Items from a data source
::::::
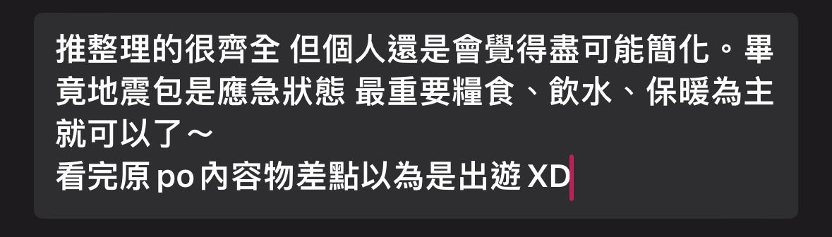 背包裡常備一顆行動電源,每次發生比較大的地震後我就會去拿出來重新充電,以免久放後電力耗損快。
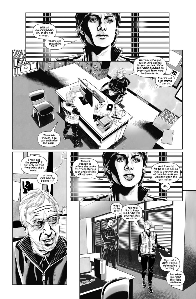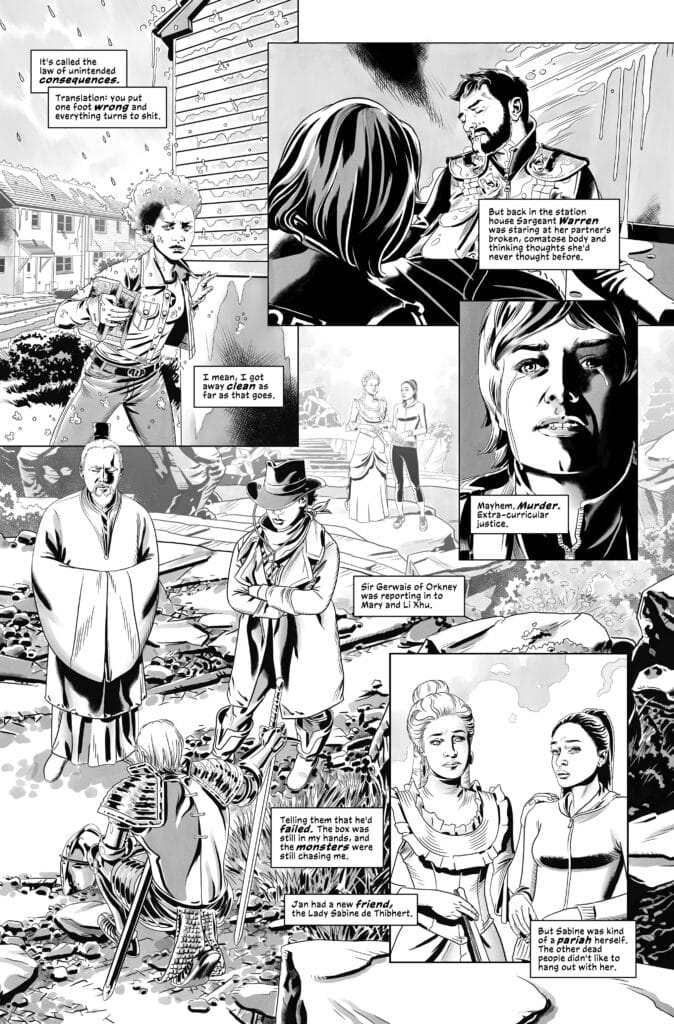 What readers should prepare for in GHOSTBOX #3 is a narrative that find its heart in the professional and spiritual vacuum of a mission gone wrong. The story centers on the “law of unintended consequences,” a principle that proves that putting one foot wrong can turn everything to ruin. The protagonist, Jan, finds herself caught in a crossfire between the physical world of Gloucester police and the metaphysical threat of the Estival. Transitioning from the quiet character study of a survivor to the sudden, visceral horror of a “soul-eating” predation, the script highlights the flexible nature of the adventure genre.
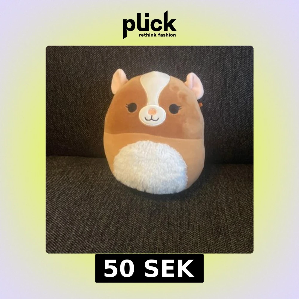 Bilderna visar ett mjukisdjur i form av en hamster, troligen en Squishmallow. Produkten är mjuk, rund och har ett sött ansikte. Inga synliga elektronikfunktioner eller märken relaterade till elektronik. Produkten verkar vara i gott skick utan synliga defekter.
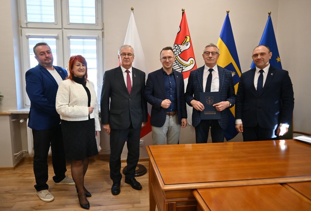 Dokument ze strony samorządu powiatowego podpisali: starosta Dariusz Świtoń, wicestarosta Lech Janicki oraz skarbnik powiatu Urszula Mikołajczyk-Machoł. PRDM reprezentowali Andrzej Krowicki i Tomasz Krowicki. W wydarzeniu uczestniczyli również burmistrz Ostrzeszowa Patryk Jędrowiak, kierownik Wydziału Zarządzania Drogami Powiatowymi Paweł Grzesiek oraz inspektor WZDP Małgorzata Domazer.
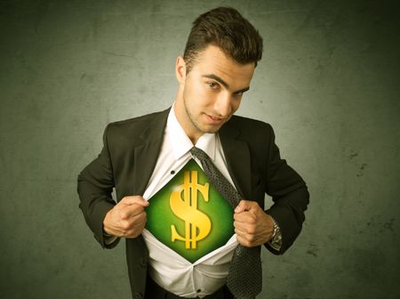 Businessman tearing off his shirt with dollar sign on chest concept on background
::::::
__Aim of the exercise__.
Each line from the one containing "Dokument ze strony" through the last line of the data should be written out exactly. Skip the pictures, and add no other lines.

__Exercise answer__.
 Dokument ze strony samorządu powiatowego podpisali: starosta Dariusz Świtoń, wicestarosta Lech Janicki oraz skarbnik powiatu Urszula Mikołajczyk-Machoł. PRDM reprezentowali Andrzej Krowicki i Tomasz Krowicki. W wydarzeniu uczestniczyli również burmistrz Ostrzeszowa Patryk Jędrowiak, kierownik Wydziału Zarządzania Drogami Powiatowymi Paweł Grzesiek oraz inspektor WZDP Małgorzata Domazer.
 Businessman tearing off his shirt with dollar sign on chest concept on background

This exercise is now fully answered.